**About this exercise**
Apart from the pictures, every entry must be retyped exactly.

──────── Material for this exercise ────────

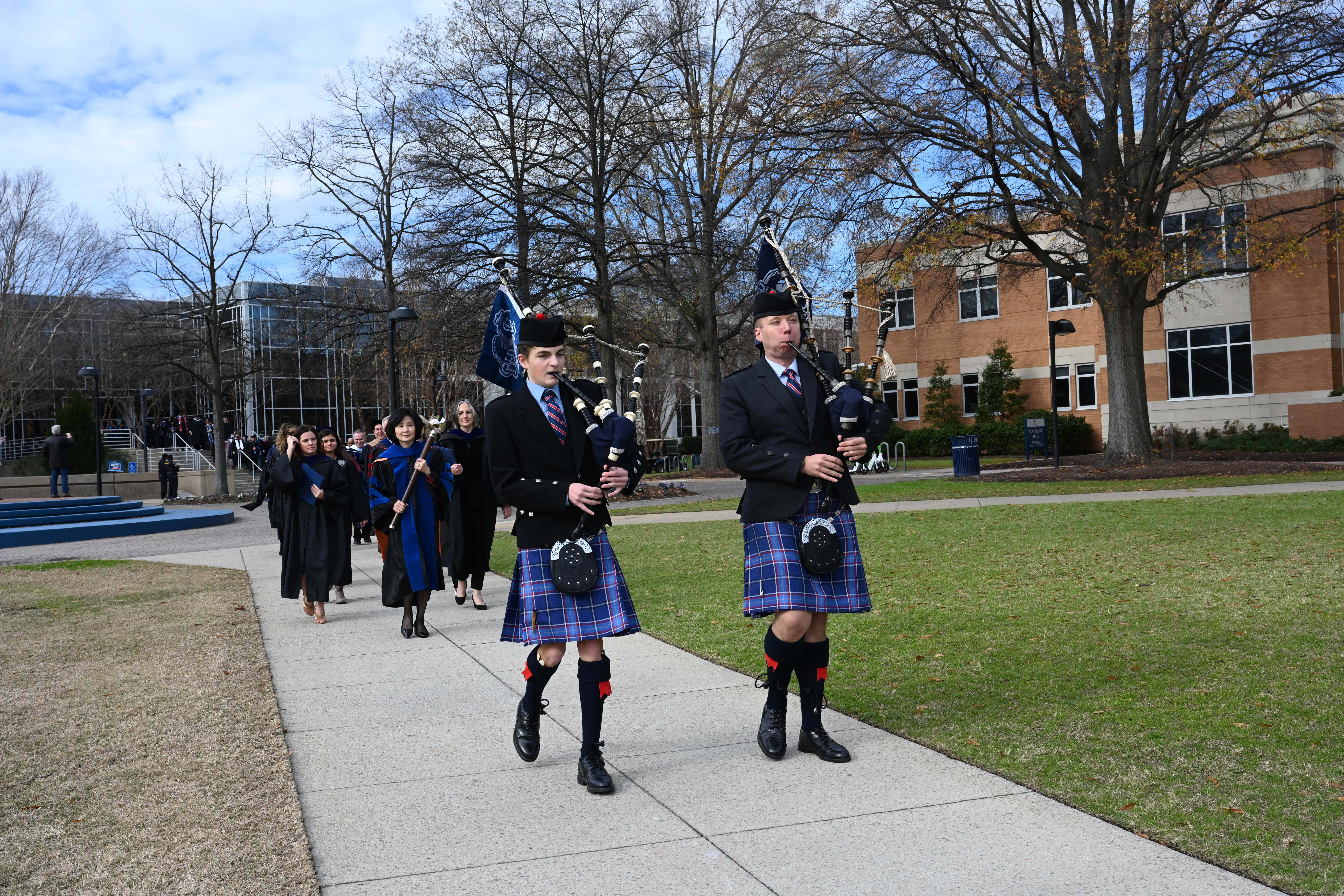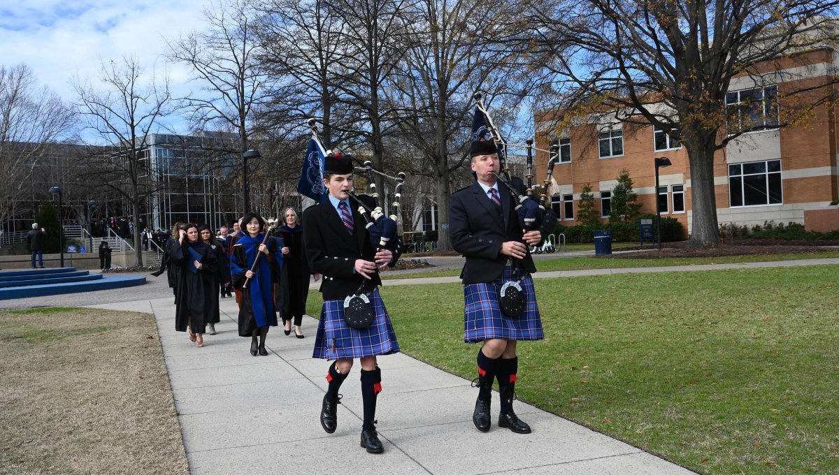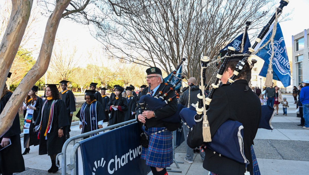 Bagpipers play as they lead graduates across campus to Chartway Arena. Photo Chuck Thomas/ODU
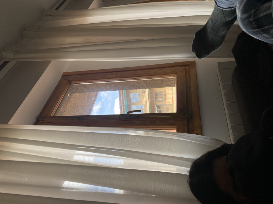 person sitting near a window in a room in Segovia, Spain, at coordinates 40.951, -4.121. The person is wearing a black shirt and black pants, and their right foot is extended with a black sock on it. The window is open, and the curtains are drawn. The person is looking out of the window at a building across the street. The building is yellow with brown trim and has several windows and a balcony. The sky is blue and there are some white clouds visible. The walls of the room are white, and there is a radiator on the wall under the window. The image is taken from a low angle, and the focus is on the person and the window.
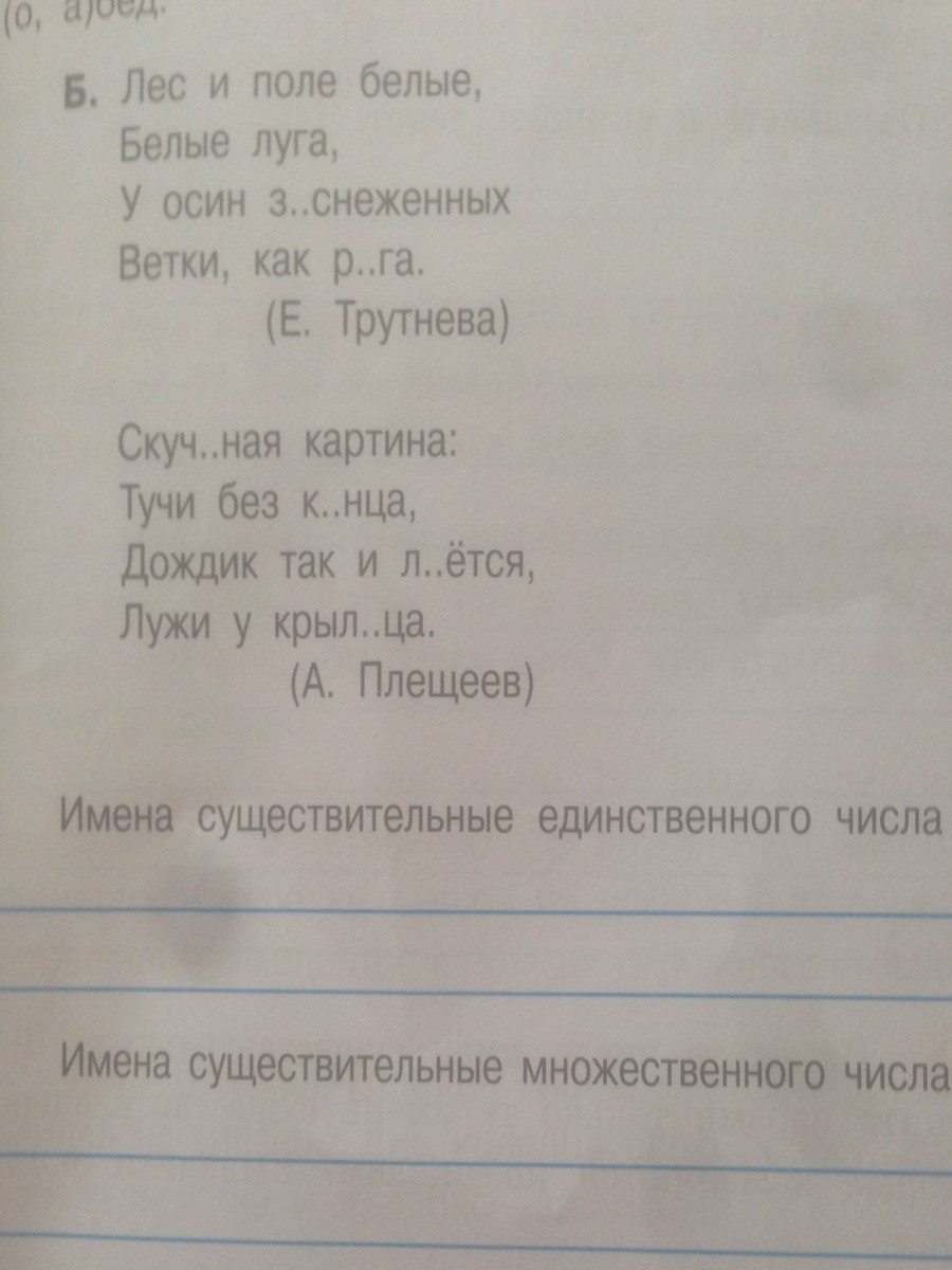 Единственного числа ( 1 стих ) Лес и поле Множественного числа ( 1 стих ) Луга,осин, ветки, рога Единственного числа ( 2 стих ) Картина, дождик Множественного числа ( 2 стих ) Тучи, лужи
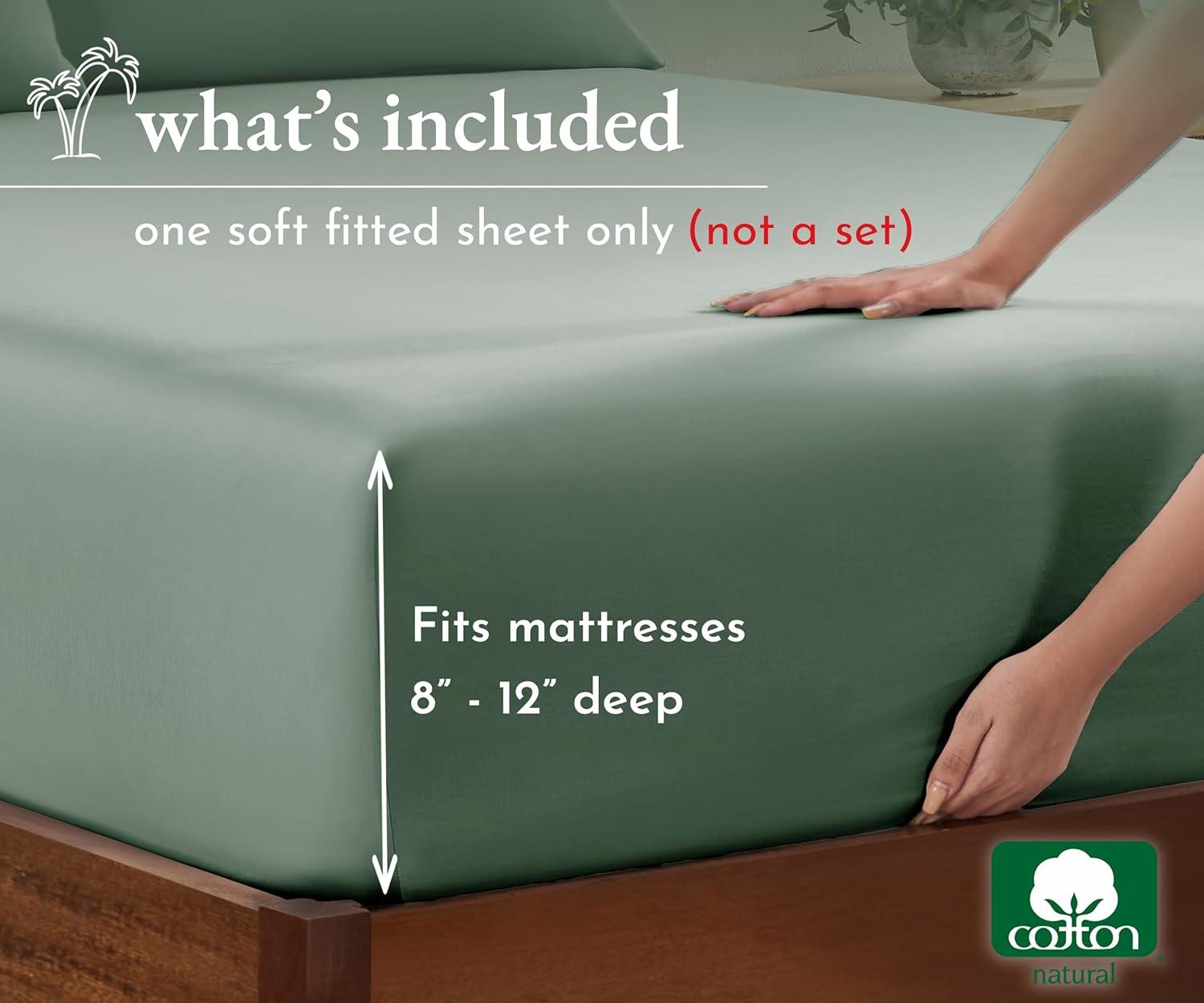 California Design Den Soft 100% Cotton Full Fitted Sheet Only Deep Pocket, Durable Sateen, All-Around Elastic, Head/Foot Side Indicators, Full Size Fitted Sheet Cotton (Blue Hydrangea)(13 - Sage Green - Dark)
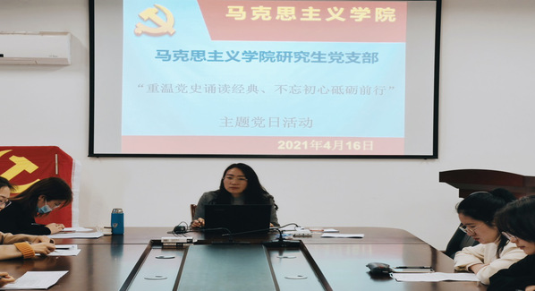 为庆祝中国共产党成立100周年,深入推进党史学习教育,传承红色基因和革命精神,4月16日下午,我院研究生党支部在文科楼330会议室开展了“重温党史诵读经典、不忘初心命砥砺前行”主题党日活动,活动由马克思主义学院研究生党支部书记刘凤娟老师主持。
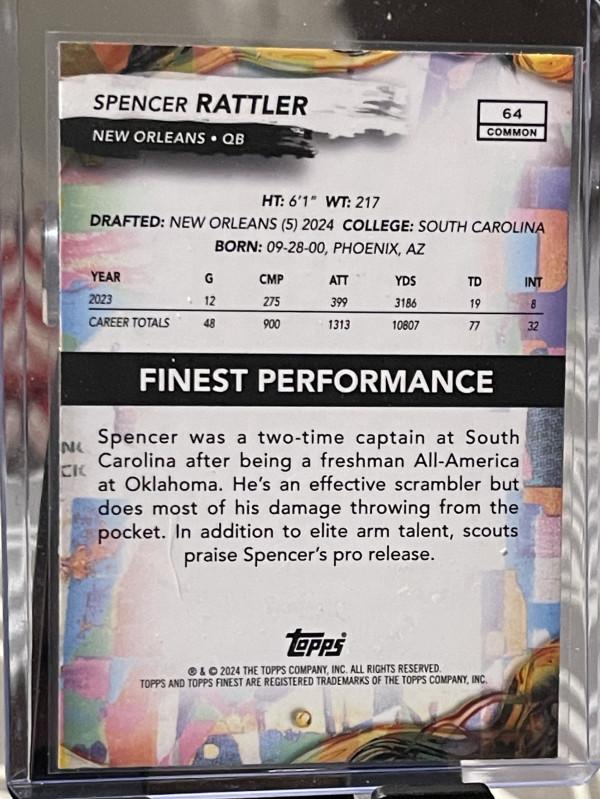 2024 Topps Finest - Spencer Rattler #64 (RC)
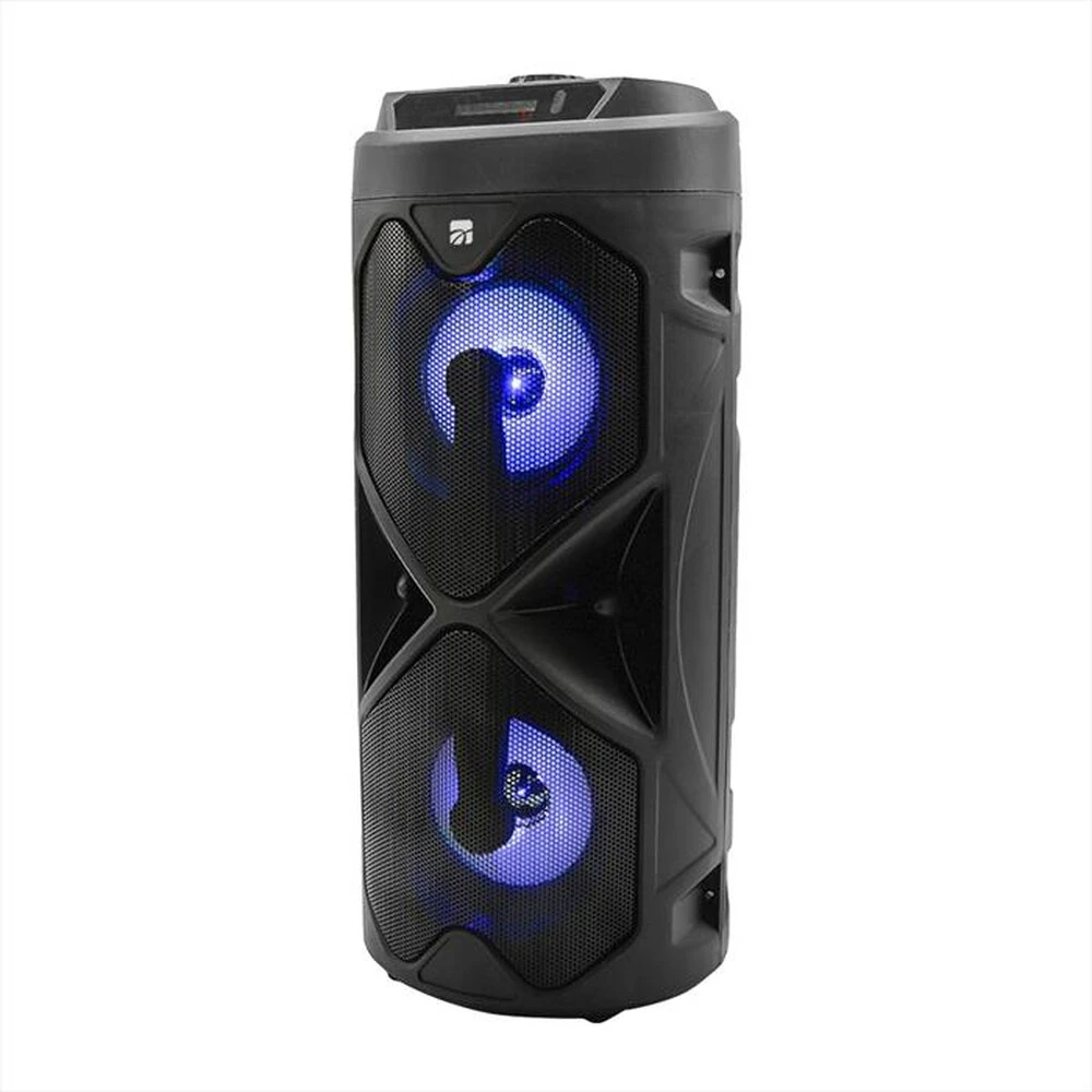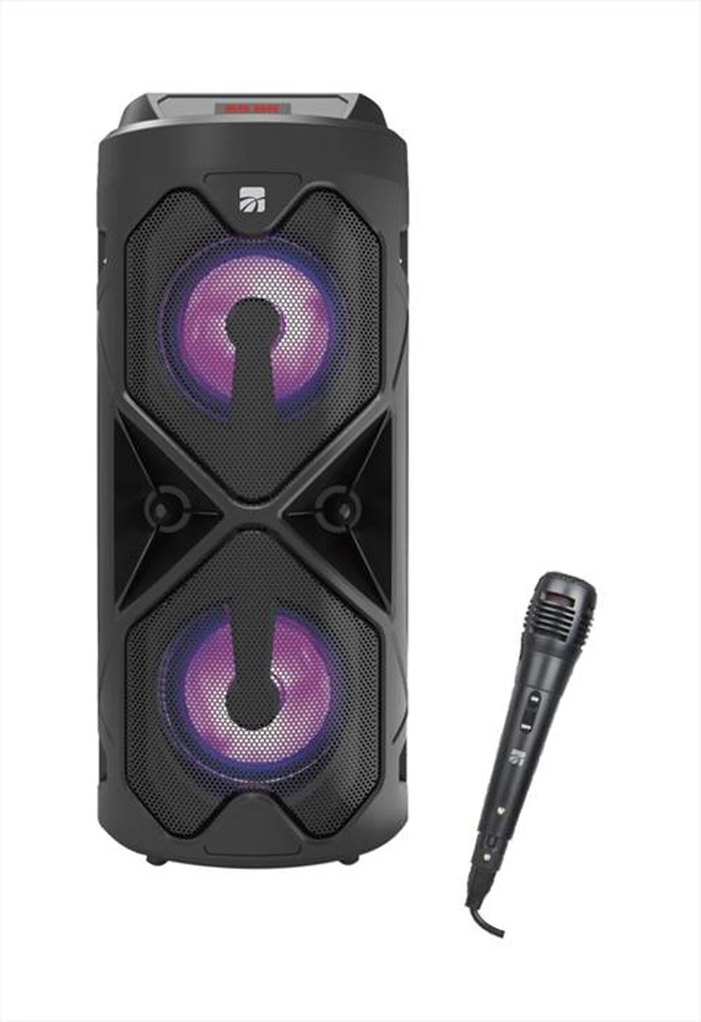 Progettato per una perfetta esperienza di audio, portando cosi festa ovunque tu voglia. Lasciati travolgere dai beat dei tuoi brani preferiti, anche se sei distante dallo speaker, grazie a questo potente sistema audio compatto. – Porta la festa sempre con te: a casa con gli amici o nel bel mezzo di un party, include maniglia integrata per la massima portabilità e praticità in tutta sicurezza. – Materiali di alta qualità: realizzato con materiale di alta qualità e cassa in ABS per un audio migliore. – Luci LED: crea un’atmosfera da party con gli speaker con illuminazione a LED: gli effetti luminosi pulsano a ritmo di musica. – Sii la star della festa: il divertimento è assicurato con l’ingresso per microfono che permette di cantare insieme ai tuoi amici i vostri brani preferiti. – Incluso microfono karaoke – Funzione TWS: permette di accoppiare tra di loro due dispositivi audio via Bluetooth

────────

**Answer box**
 Bagpipers play as they lead graduates across campus to Chartway Arena. Photo Chuck Thomas/ODU
 person sitting near a window in a room in Segovia, Spain, at coordinates 40.951, -4.121. The person is wearing a black shirt and black pants, and their right foot is extended with a black sock on it. The window is open, and the curtains are drawn. The person is looking out of the window at a building across the street. The building is yellow with brown trim and has several windows and a balcony. The sky is blue and there are some white clouds visible. The walls of the room are white, and there is a radiator on the wall under the window. The image is taken from a low angle, and the focus is on the person and the window.
 Единственного числа ( 1 стих ) Лес и поле Множественного числа ( 1 стих ) Луга,осин, ветки, рога Единственного числа ( 2 стих ) Картина, дождик Множественного числа ( 2 стих ) Тучи, лужи
 California Design Den Soft 100% Cotton Full Fitted Sheet Only Deep Pocket, Durable Sateen, All-Around Elastic, Head/Foot Side Indicators, Full Size Fitted Sheet Cotton (Blue Hydrangea)(13 - Sage Green - Dark)
 为庆祝中国共产党成立100周年,深入推进党史学习教育,传承红色基因和革命精神,4月16日下午,我院研究生党支部在文科楼330会议室开展了“重温党史诵读经典、不忘初心命砥砺前行”主题党日活动,活动由马克思主义学院研究生党支部书记刘凤娟老师主持。
 2024 Topps Finest - Spencer Rattler #64 (RC)
 Progettato per una perfetta esperienza di audio, portando cosi festa ovunque tu voglia. Lasciati travolgere dai beat dei tuoi brani preferiti, anche se sei distante dallo speaker, grazie a questo potente sistema audio compatto. – Porta la festa sempre con te: a casa con gli amici o nel bel mezzo di un party, include maniglia integrata per la massima portabilità e praticità in tutta sicurezza. – Materiali di alta qualità: realizzato con materiale di alta qualità e cassa in ABS per un audio migliore. – Luci LED: crea un’atmosfera da party con gli speaker con illuminazione a LED: gli effetti luminosi pulsano a ritmo di musica. – Sii la star della festa: il divertimento è assicurato con l’ingresso per microfono che permette di cantare insieme ai tuoi amici i vostri brani preferiti. – Incluso microfono karaoke – Funzione TWS: permette di accoppiare tra di loro due dispositivi audio via Bluetooth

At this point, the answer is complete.